The policy recognizes gains and losses in the year they are incurred, rather than amortizing them over time. Under the new method, annual adjustments will be made to reflect actual return on pension plan assets, changes in discount rates, and differences from other actuarial assumptions.
“Our decision to adopt this new accounting policy will make our financial reporting easier to understand and more transparent,” said Fran Shammo, Verizon executive vice president and chief financial officer, in a press release.

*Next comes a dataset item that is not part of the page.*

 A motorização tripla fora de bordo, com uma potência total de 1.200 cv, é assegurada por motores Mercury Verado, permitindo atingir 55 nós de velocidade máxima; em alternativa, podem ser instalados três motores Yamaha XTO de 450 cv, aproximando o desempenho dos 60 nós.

Verizon will report fourth-quarter and full-year 2010 results on January 25, and the company said that the impact of this accounting change will result in cumulative pre-tax charges of $600 million for full-year 2010. This is due primarily to a lower discount rate, partially offset by a return on assets that was higher than expected, and favorable health care trends and other costs.

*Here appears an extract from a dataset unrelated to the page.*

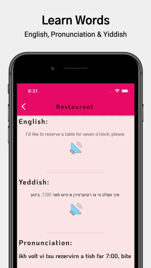• In every lesson, you can listen to the Yiddish word pronunciation as well as see Yiddish word in english language.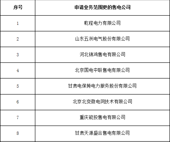 受理了14家售電公司的業(yè)務(wù)范圍更申請(qǐng),現(xiàn)將企業(yè)名單及基本情況予以公示。

According to the press release, the company lowered its assumed discount rate, which was 6.25% at the end of 2009, to 5.75% for purposes of determining its pension and OPEB liability. This change increased the liability by $2.9 billion in 2010.
The estimated return on pension assets in 2010 was approximately 14%, compared with an assumption of 8.5%, resulting in an actuarial gain of approximately $1 billion. The company said it has lowered its return on pension assets assumption from 8.5% to 8% for 2011.
Health care and other retiree benefit costs were favorable compared to assumptions, resulting in a $1.3 billion reduction in liabilities.The Verizon announcement comes on the heels of a similar announcement by AT&T (see AT&T Changes Benefit Accounting Procedures).